It stopped her thinking about her unmarried daughter, for all that, and the grandchildren she was desperate to have about the place. I gave her a conspiratorial wink, and peace reigned at Greenleas.
Jeannie phoned just as I’d pulled the curtain across my workspace, pleased with a fair day’s work.
‘Hi! How’s it going, then?’
‘Great!’ It could only refer to the current novel. ‘I must spend the weekend partying more often!’
‘Well, Beth meant it when she asked you up there for Christmas. I think she quite took to you!’
‘I’d love to go, Jeannie. I keep thinking about Deer’s Leap and being sad for Beth that she’s got to leave.’
‘She doesn’t have to, but it’s best all round they don’t ask for the lease to be renewed. The twins will start senior school in September. A good state school will be high on her list of priorities. Boarding in winter costs a lot of dosh, you know.’
I said I was sure it must.
‘Meantime, Cassie, you might get to stay there again in exchange for baby-sitting the place. Beth and Danny have hired a caravan in Cornwall for a few weeks in the summer. It’ll be the first decent holiday they’ve had in years. Beth’s a bit worried about leaving the house, though. She wouldn’t want to come back and find squatters in it.’
‘Yes, and there’s the dog and the cats to think about, I suppose.’
‘Kennels and catteries cost money, I agree. So would you baby-sit the house, Cassie? Wouldn’t you be a bit afraid on your own?’
‘You mean you’re really offering?’ I gasped.
‘You’d get a lot of work done, that’s for sure, with nothing and no one to distract you. With luck you could do a fair bit of wordage.’
‘I don’t think I would be afraid – especially with a dog there, but why didn’t Beth say anything about it at the weekend?’
‘Because I’ve only just thought about it. Are you really interested, Cas? I could come and join you, weekends. Shall I mention it to Beth?’

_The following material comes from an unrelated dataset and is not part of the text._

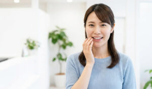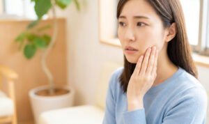 親知らず抜歯後、鏡を見ながら少し腫れた頬を気にする日本人女性の様子

‘She might think me pushy. And what if she doesn’t like the idea of a stranger in her home?’
‘You aren’t a stranger. I told you, she likes you.’

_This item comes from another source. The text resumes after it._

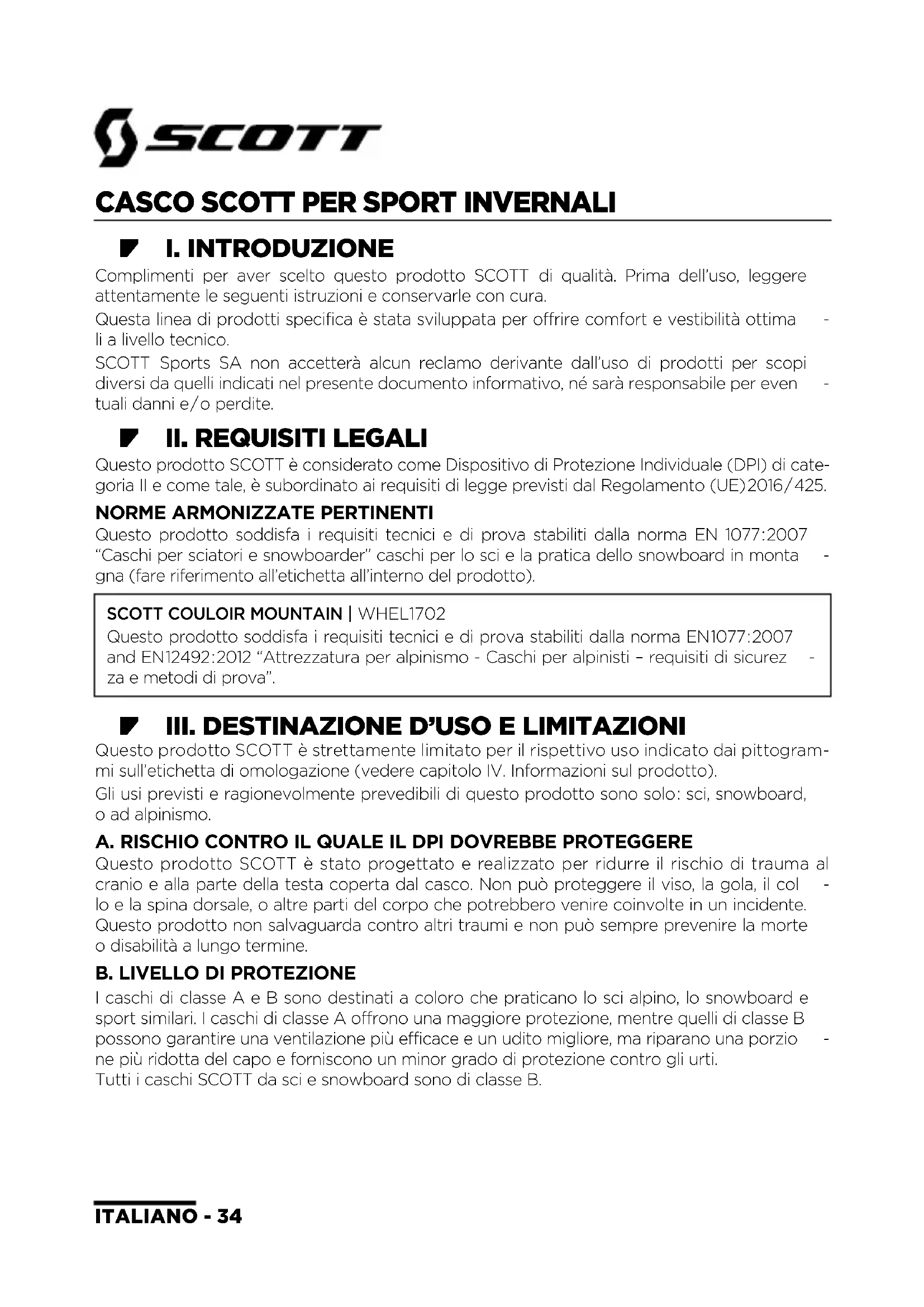 - III. DESTINAZIONE D’USO E LIMITAZIONI Questo prodotto SCOTT è strettamente limitato per il rispettivo uso indicato dai pittogram- mi sull’etichetta di omologazione (vedere capitolo IV. Informazioni sul prodotto). Gli usi previsti e ragionevolmente prevedibili di questo prodotto sono solo : sci, snowboard, o ad alpinismo. A. RISCHIO CONTRO IL QUALE IL DPI DOVREBBE PROTEGGERE Questo prodotto SCOTT è stato progettato e realizzato per ridurre il rischio di trauma al cranio e alla parte della testa coperta dal casco. Non può proteggere il viso, la gola, il col

I wondered – just for a second – what Mum would make of the idea.
‘We-e-ll, if Beth agrees …’ I said.
‘She’ll agree. She’s sure to worry about the animals and the houseplants, and we could cut the grass between us. I might be able to fix it so I could stay over until Mondays – get some reading done in peace and quiet.’
‘Mm …’ Jeannie has to read a lot of manuscripts.
‘Well then?’
‘If you’re sure, Jeannie?’
‘I can but ask. I bet they’ll both jump at the chance. It would have to be unpaid, of course.’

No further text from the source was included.